What the exercise asks> Where the data below begins, start retyping exactly, and end on the line with "逢妻交流館にて、第74回「社", which is included; no picture goes in.

Source records:
● ● ●
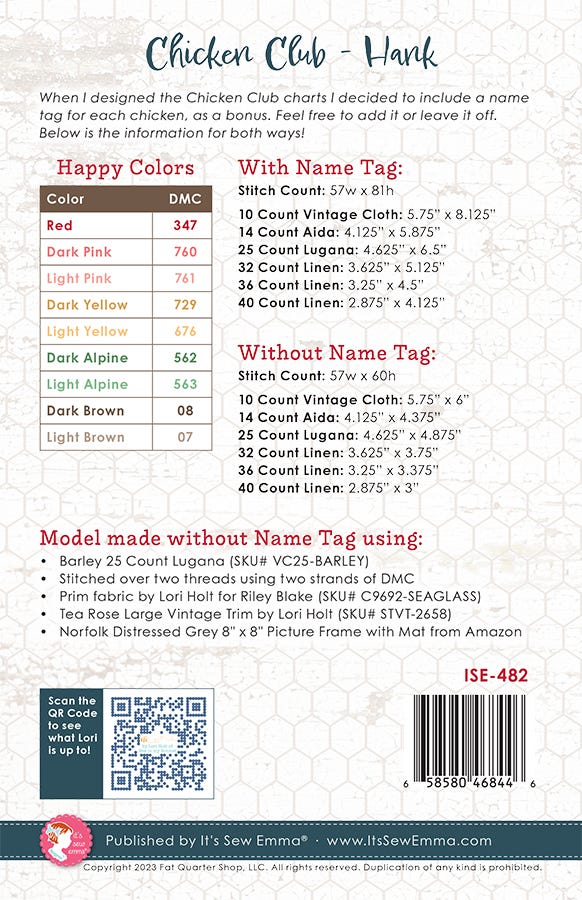Introducing the Hank Chicken Club #5 Cross Stitch Pattern by Lori Holt of Bee in My Bonnet for It’s Sew Emma. This charming farmyard-inspired design is part of Lori’s beloved Chicken Club Series, perfect for stitchers who adore whimsical, vintage-style patterns. The chart is printed in full color on durable 8.5” x 11” cardstock and includes easy-to-follow instructions, diagrams, and a complete supply list with suggested DMC floss colors.
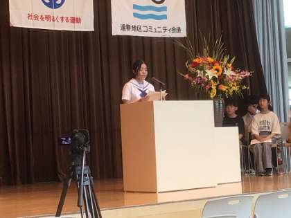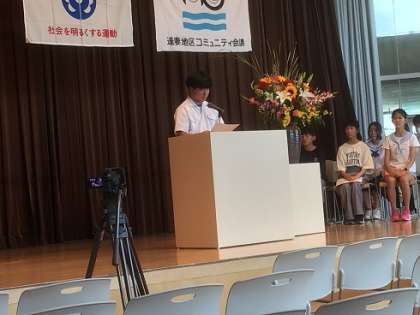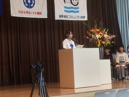 逢妻交流館にて、第74回「社会を明るくする運動」逢妻地区大会が開催されました。小・中学生の意見発表が行われ、美山小学校児童2名、小清水小学校児童2名、逢妻中学校生徒5名が参加しました。
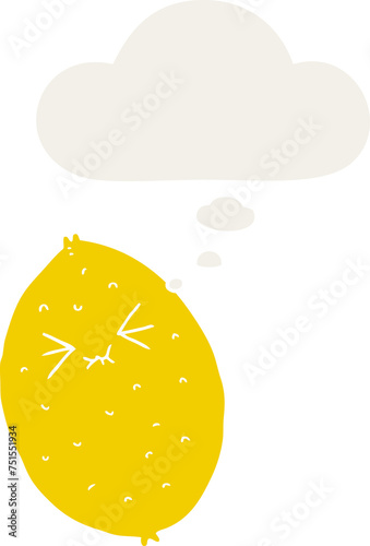 cartoon bitter lemon and thought bubble in retro style
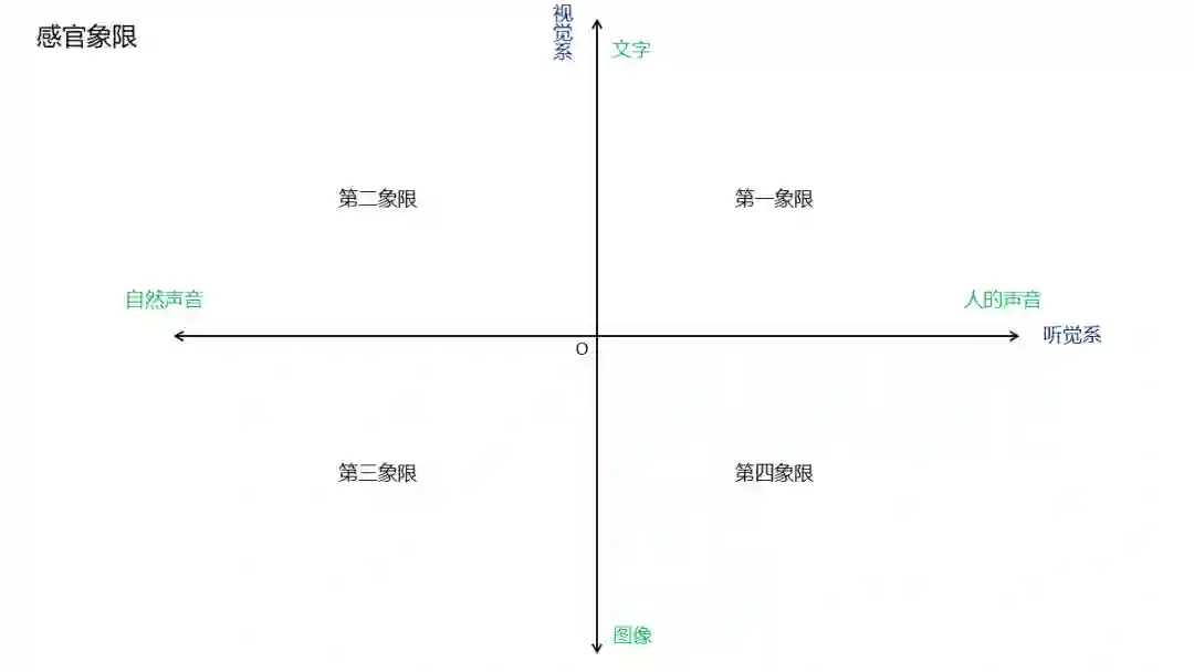 那么,我们以听觉系为X轴、视觉系为Y轴,建议二维直角坐标系。听觉系的两端为人的声音(以语言为主)、自然声音;视觉系的两端则是文字和图像。
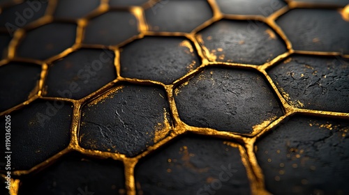 Abstract black background with a gold hexagon pattern, perfect for creating a luxury wallpaper for banners or posters
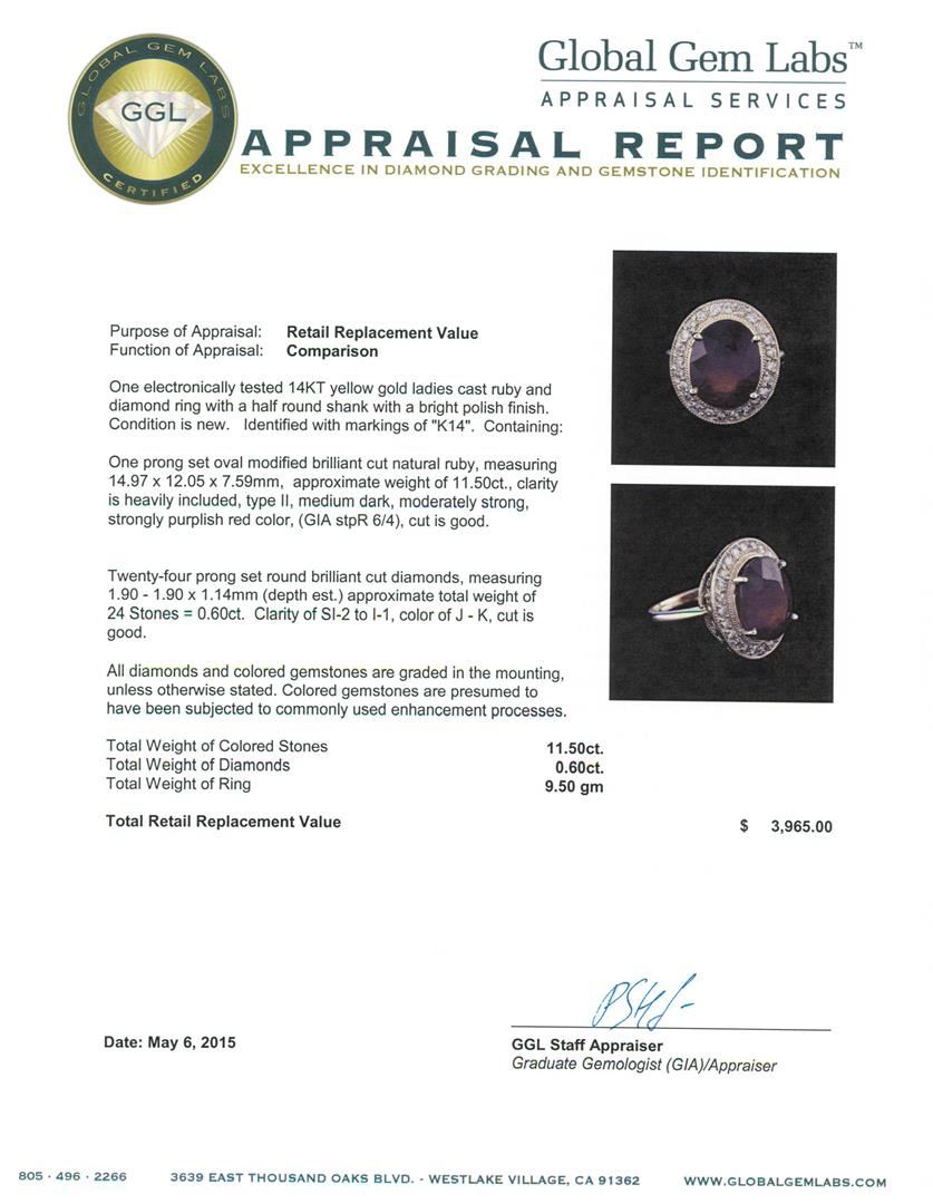 One electronically tested 14KT yellow gold ladies cast ruby and diamond ring with a half round shank with a bright polish finish. Identified with markings of "K14". Condition is new. Containing: One prong set oval modified brilliant cut natural ruby, measuring 14.97 x 12.05 x 7.59mm, approximate weight of 11.50ct., clarity is heavily included, type II, medium dark, moderately strong, strongly purplish red color, (GIA stpR 6/4), cut is good. Twenty-Four prong set round brilliant cut diamonds, measuring 1.90 - 1.90 x 1.14mm (depth est.) approximate total weight of 24 Stones = 0.60ct. Clarity: SI-2 to I-1. Color: J - K, Cut is Good. All diamonds and colored gemstones are graded in the mounting, unless otherwise stated. Colored gemstones are presumed to have been subjected to commonly used enhancement processes.. Total Weight of Colored Stones 11.50ct. Total Weight of Diamonds 0.60ct. Total Weight of Ring 9.50 grams. GGL Appraised at $3,965.00.
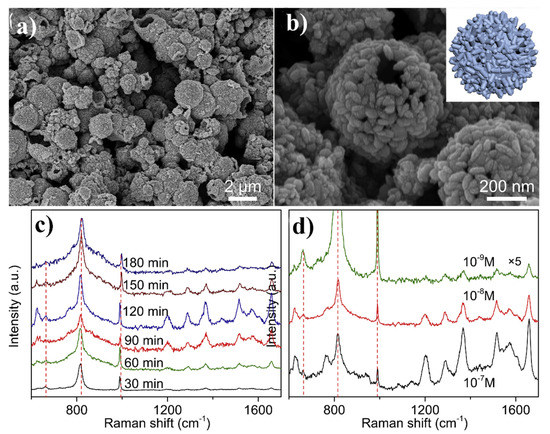 (a,b) SEM images of hollow MoO2 spheres, inset shows the schematic structure of this nanomaterial, (c) SERS spectra of rhodamine 6G adsorbed on the hollow MoO2 nanospheres after various anodization times from 10–7 M rhodamine 6G solution, (d) SERS spectra of rhodamine 6G adsorbed from solutions with different concentrations on the hollow MoO2 nanospheres. Reprinted with permission from [73].
● ● ●
Solution to the problem>
Introducing the Hank Chicken Club #5 Cross Stitch Pattern by Lori Holt of Bee in My Bonnet for It’s Sew Emma. This charming farmyard-inspired design is part of Lori’s beloved Chicken Club Series, perfect for stitchers who adore whimsical, vintage-style patterns. The chart is printed in full color on durable 8.5” x 11” cardstock and includes easy-to-follow instructions, diagrams, and a complete supply list with suggested DMC floss colors.
 逢妻交流館にて、第74回「社会を明るくする運動」逢妻地区大会が開催されました。小・中学生の意見発表が行われ、美山小学校児童2名、小清水小学校児童2名、逢妻中学校生徒5名が参加しました。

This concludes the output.